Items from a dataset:
--- START ---

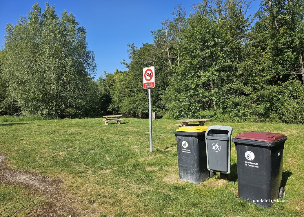 sport parfait, pas de barrière donc pas de restriction de taille. des poubelles a disposition, 2 tables de pique-nique un grand espace vert entretenu et bien sûr la belle rivière à nos pieds. nous avons dormi seule et pas de visiteurs la nuit ni au matin. attention aux moustiques même quand la soirée est fraîche.
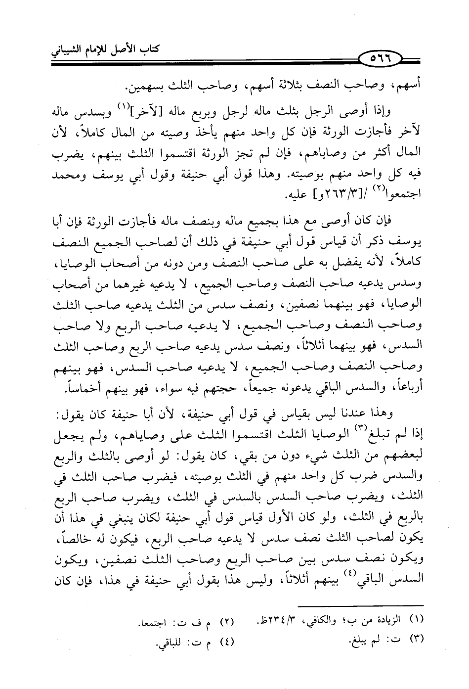 وهذا عندنا ليس بقياس في قول أبي حنيفة، لأن أبا حنيفة كان يقول: إذا لم تبلغ (¬3) الوصايا الثلث اقتسموا الثلث على وصاياهم، ولم يجعل لبعضهم من الثلث شيء دون من بقي، كان يقول: لو أوصى بالثلث والربع والسدس ضرب كل واحد منهم في الثلث بوصيته، فيضرب صاحب الثلث في الثلث، ويضرب صاحب السدس بالسدس في الثلث، ويضرب صاحب الربع بالربع في الثلث، ولو كان الأول قياس قول أبي حنيفة لكان ينبغي في هذا أن يكون لصاحب الثلث نصف سدس لا يدعيه صاحب الربع، فيكون له خالصًا، ويكون نصف سدس بين صاحب الربع وصاحب الثلث نصفين، ويكون السدس الباقي (¬4) بينهم أثلاثاً، وليس هذا بقول أبي حنيفة في هذا، فإن كان
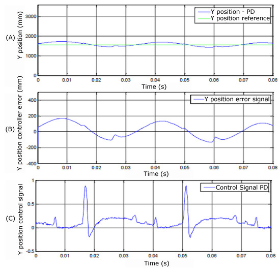 (A) Y position; (B) controller error; and (C) control signals.
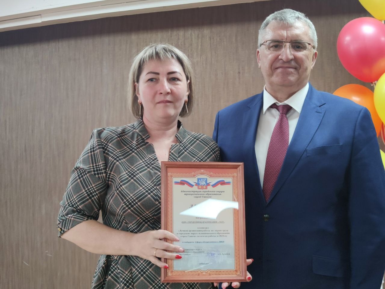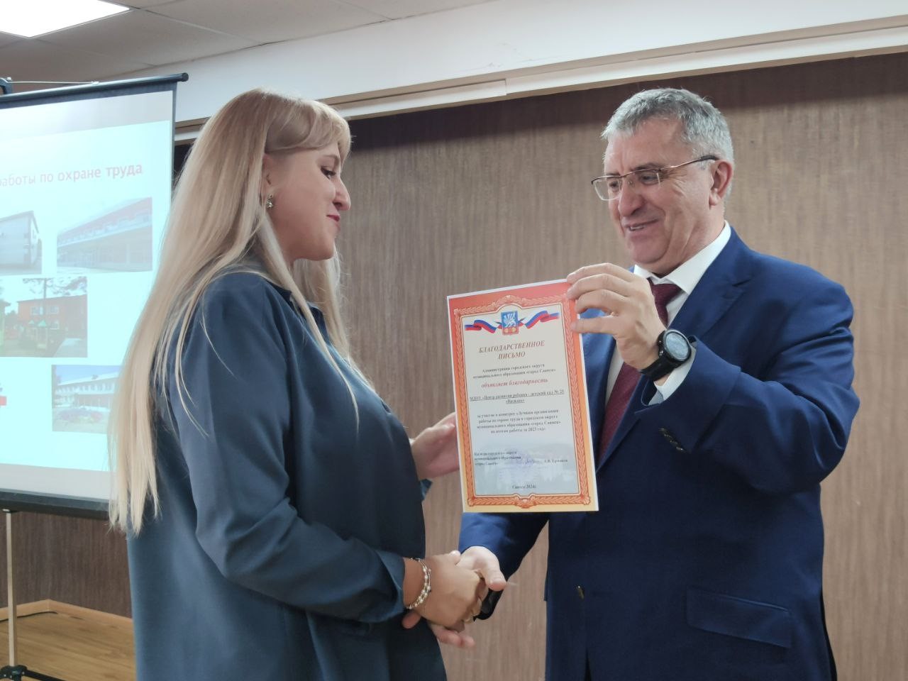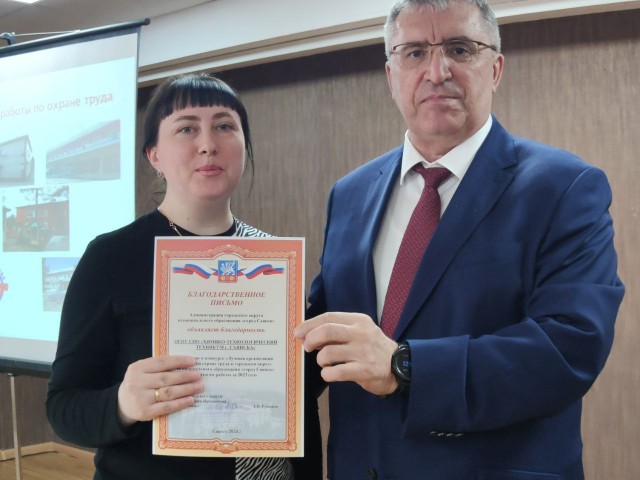 В преддверии Всемирного дня Охраны труда «Безопасный труд - счастливое будущее!» и.о. мэра городского округа Ермаков Александр Владимирович вручил благодарность от Министра труда и занятости Иркутской области Кирилла Клокова за добросовестный труд и профессиональные успехи в сфере труда и занятости населения на территории Иркутской области, коллеге, консультанту по управлению охраной труда администрации города Саянска Тукаленко Татьяне Григорьевне.
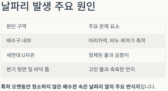 특히 오랫동안 청소하지 않은 배수관 속은 날파리 알의 주요 번식지입니다
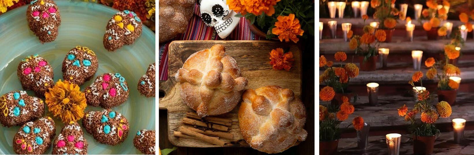 圖 / 其中不可或缺「骷顱糖 Calavera de azucar」、「死者麵包 Pan de muerto」與「菊花 Crisantemo」
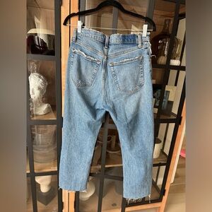 Abercrombie The Dad High Rise Jeans frayed distressed petite short medium wash
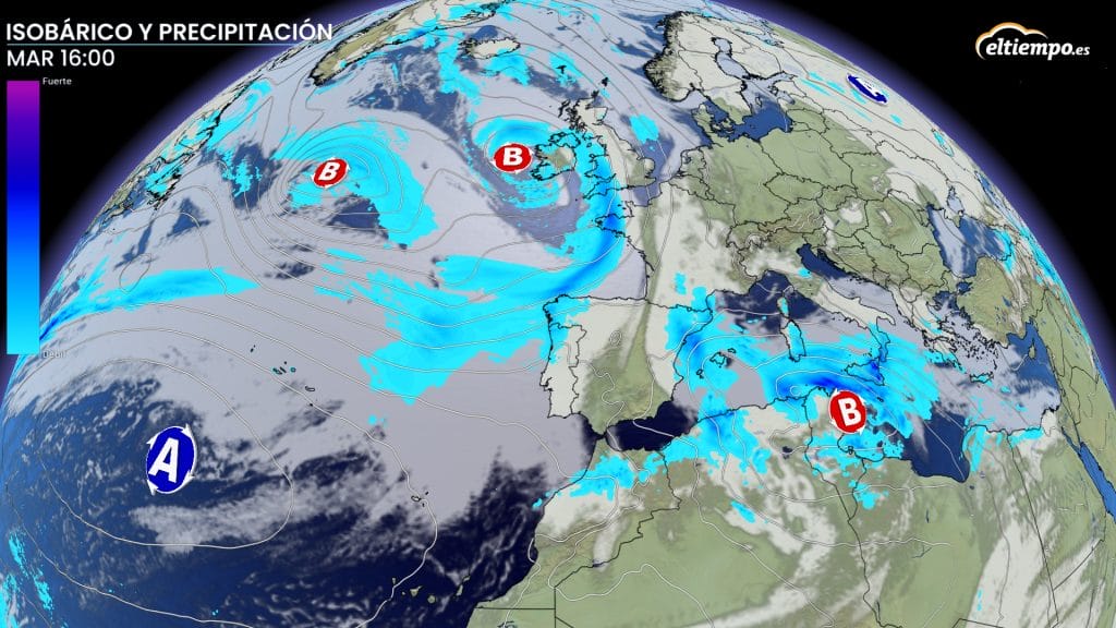 La semana estará marcada por el paso de sucesivos frentes atlánticos, que dejarán fuertes lluvias a su paso.
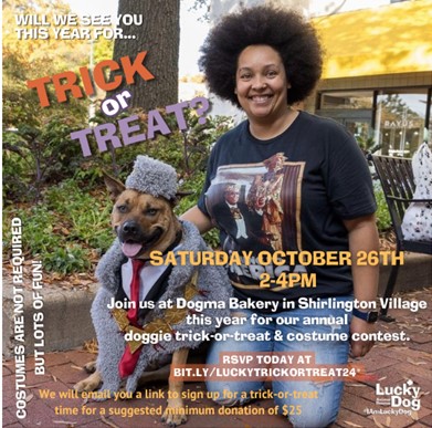 | | |  | Sign Up for Doggie Trick-or-Treating at Dogma Bakery! Join us on Saturday, October 26th from 2-4 PM at Dogma Bakery in Shirlington Village for a paws-itively fun event to show off your pup’s (and your own) costumes! We can't wait to see them! Not dressing up? Come by to mingle with two-and four-legged friends and enjoy free treats! Spots are going fast! If you love this event as much as we do, donate today to secure your time slot. Confirmation emails will include signup details and all proceeds will help Lucky Animals in need. |
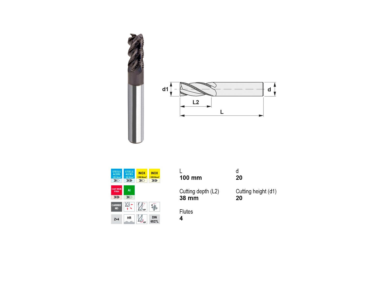 Canela HM skrubfræseren med 4 skær er en ideel løsning for professionel bearbejdning af forskellige metaller. Dette robuste værktøj med et skaft på Ø20 mm og en hoveddiameter på 20 mm sikrer præcis og effektiv fræsning. Med en skæredybde på 38 mm og en totallængde på 100 mm, tilbyder denne fræser stor alsidighed og høj ydeevne, selv uden kølesystem. Den er specielt designet til at håndtere både bløde og hårde metaller, herunder forskellige typer stål og inox, såvel som aluminium og støbejern.
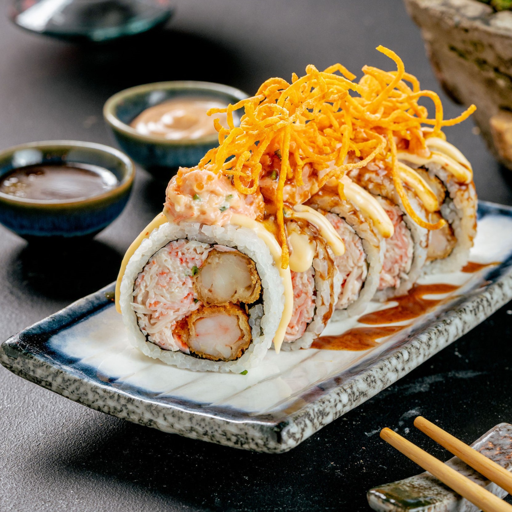 Roll relleno de langostinos al panko, ensalada dinamita, aromatizada con aceite de sésamo y cebollín, con un topping de fresco tartar de salmón, bañado en salsas spicy-mayo especial y teriyaki, coronado con crunchy de camote
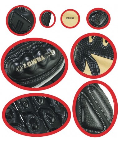 GUANTES DE PIEL K2 NEGRO CON PROTECCIONES DE FIBRA DE CARBONO PARA MOTORACING
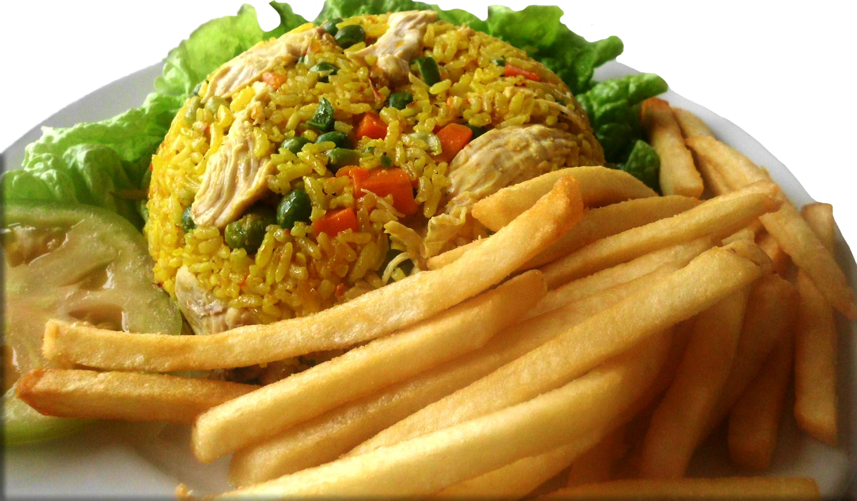 mezcla de arroz con verduras, pechuga de pollo y salsa de la casa, acompañado de francesa.
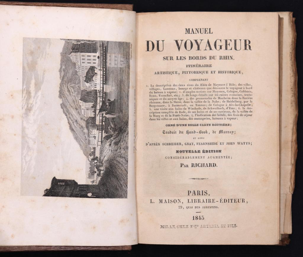Guida di viaggio dedicata ai territori e ai paesaggi lungo le rive del Reno, concepita come manuale per il viaggiatore. Il volume è illustrato da 4 carte fuori testo raffiguranti paesaggi ed è completato da una carta geografica più volte ripiegata posta in fine al testo, elemento di particolare interesse per lo studio storico della geografia e dell’immaginario di viaggio ottocentesco legato all’area renana.
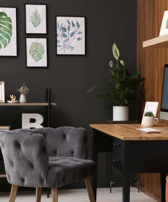 With so many people still working at home, a designated office is often a necessity and needs to be incorporated into the design of your home. First of all, it should be comfortable and functional. It is desirable to have natural light and natural materials wherever possible. Try colors that are inspired by nature for a calming environment. For a more dramatic approach, an interesting background wall color can be useful for

--- END ---

● **PROBLEM TO SOLVE**
If pictures appear in the data, omit them and copy all other parts exactly.

● **RESULT FOR THIS EXERCISE**
 sport parfait, pas de barrière donc pas de restriction de taille. des poubelles a disposition, 2 tables de pique-nique un grand espace vert entretenu et bien sûr la belle rivière à nos pieds. nous avons dormi seule et pas de visiteurs la nuit ni au matin. attention aux moustiques même quand la soirée est fraîche.
 وهذا عندنا ليس بقياس في قول أبي حنيفة، لأن أبا حنيفة كان يقول: إذا لم تبلغ (¬3) الوصايا الثلث اقتسموا الثلث على وصاياهم، ولم يجعل لبعضهم من الثلث شيء دون من بقي، كان يقول: لو أوصى بالثلث والربع والسدس ضرب كل واحد منهم في الثلث بوصيته، فيضرب صاحب الثلث في الثلث، ويضرب صاحب السدس بالسدس في الثلث، ويضرب صاحب الربع بالربع في الثلث، ولو كان الأول قياس قول أبي حنيفة لكان ينبغي في هذا أن يكون لصاحب الثلث نصف سدس لا يدعيه صاحب الربع، فيكون له خالصًا، ويكون نصف سدس بين صاحب الربع وصاحب الثلث نصفين، ويكون السدس الباقي (¬4) بينهم أثلاثاً، وليس هذا بقول أبي حنيفة في هذا، فإن كان
 (A) Y position; (B) controller error; and (C) control signals.
 В преддверии Всемирного дня Охраны труда «Безопасный труд - счастливое будущее!» и.о. мэра городского округа Ермаков Александр Владимирович вручил благодарность от Министра труда и занятости Иркутской области Кирилла Клокова за добросовестный труд и профессиональные успехи в сфере труда и занятости населения на территории Иркутской области, коллеге, консультанту по управлению охраной труда администрации города Саянска Тукаленко Татьяне Григорьевне.
 특히 오랫동안 청소하지 않은 배수관 속은 날파리 알의 주요 번식지입니다
 圖 / 其中不可或缺「骷顱糖 Calavera de azucar」、「死者麵包 Pan de muerto」與「菊花 Crisantemo」
 Abercrombie The Dad High Rise Jeans frayed distressed petite short medium wash
 La semana estará marcada por el paso de sucesivos frentes atlánticos, que dejarán fuertes lluvias a su paso.
 | | |  | Sign Up for Doggie Trick-or-Treating at Dogma Bakery! Join us on Saturday, October 26th from 2-4 PM at Dogma Bakery in Shirlington Village for a paws-itively fun event to show off your pup’s (and your own) costumes! We can't wait to see them! Not dressing up? Come by to mingle with two-and four-legged friends and enjoy free treats! Spots are going fast! If you love this event as much as we do, donate today to secure your time slot. Confirmation emails will include signup details and all proceeds will help Lucky Animals in need. |
 Canela HM skrubfræseren med 4 skær er en ideel løsning for professionel bearbejdning af forskellige metaller. Dette robuste værktøj med et skaft på Ø20 mm og en hoveddiameter på 20 mm sikrer præcis og effektiv fræsning. Med en skæredybde på 38 mm og en totallængde på 100 mm, tilbyder denne fræser stor alsidighed og høj ydeevne, selv uden kølesystem. Den er specielt designet til at håndtere både bløde og hårde metaller, herunder forskellige typer stål og inox, såvel som aluminium og støbejern.
 Roll relleno de langostinos al panko, ensalada dinamita, aromatizada con aceite de sésamo y cebollín, con un topping de fresco tartar de salmón, bañado en salsas spicy-mayo especial y teriyaki, coronado con crunchy de camote
 GUANTES DE PIEL K2 NEGRO CON PROTECCIONES DE FIBRA DE CARBONO PARA MOTORACING
 mezcla de arroz con verduras, pechuga de pollo y salsa de la casa, acompañado de francesa.
Guida di viaggio dedicata ai territori e ai paesaggi lungo le rive del Reno, concepita come manuale per il viaggiatore. Il volume è illustrato da 4 carte fuori testo raffiguranti paesaggi ed è completato da una carta geografica più volte ripiegata posta in fine al testo, elemento di particolare interesse per lo studio storico della geografia e dell’immaginario di viaggio ottocentesco legato all’area renana.
 With so many people still working at home, a designated office is often a necessity and needs to be incorporated into the design of your home. First of all, it should be comfortable and functional. It is desirable to have natural light and natural materials wherever possible. Try colors that are inspired by nature for a calming environment. For a more dramatic approach, an interesting background wall color can be useful for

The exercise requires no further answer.